Singles from L'amore è una cosa semplice
- "La differenza tra me e te" Released: 14 October 2011; "L'ultima notte al mondo" Released: 6 January 2012; "Hai delle isole negli occhi" Released: 30 March 2012; "Per dirti ciao!" Released: 22 June 2012; "Troppo buono" Released: 21 September 2012; "L'amore è una cosa semplice" Released: 30 November 2012; "La fine" Released: 1 February 2013;

= L'amore è una cosa semplice =

2011 Tiziano Ferro album

L'amore è una cosa semplice (/it/; ) is the fifth studio album by Italian singer-songwriter Tiziano Ferro.
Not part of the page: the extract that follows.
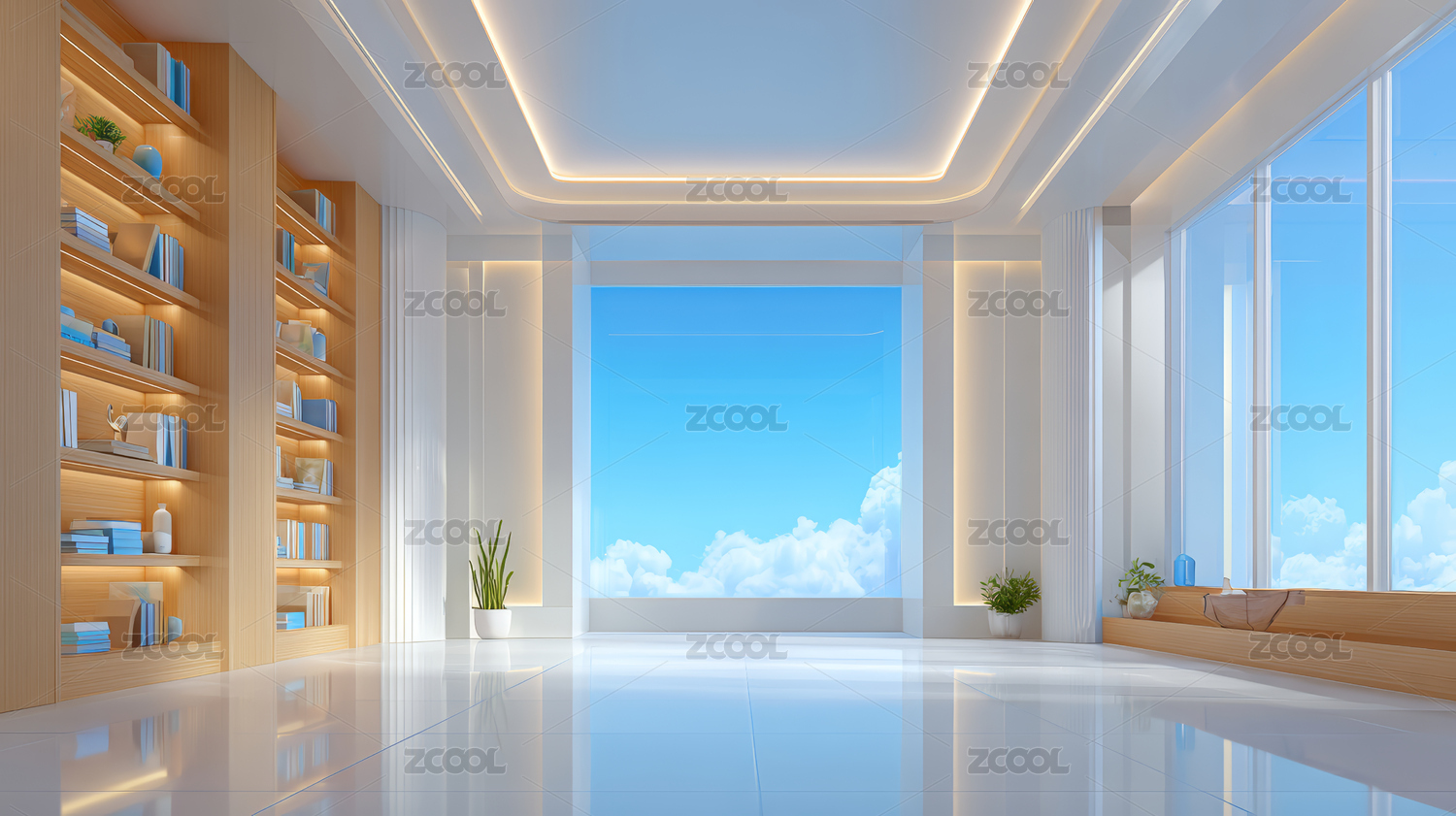 现代,室内,书房,图书馆,书架,休闲椅,绿植,白色,房子,大窗户

The album was released in Europe on 28 November 2011, and it was preceded by the single "La differenza tra me e te", released on 14 October 2011. L'amore è una cosa semplice was the best-selling album in Italy in 2012.

The album includes a song entirely written by Irene Grandi, a cover of the single "La fine" by Italian rapper Nesli, and a duet with American R&B singer John Legend.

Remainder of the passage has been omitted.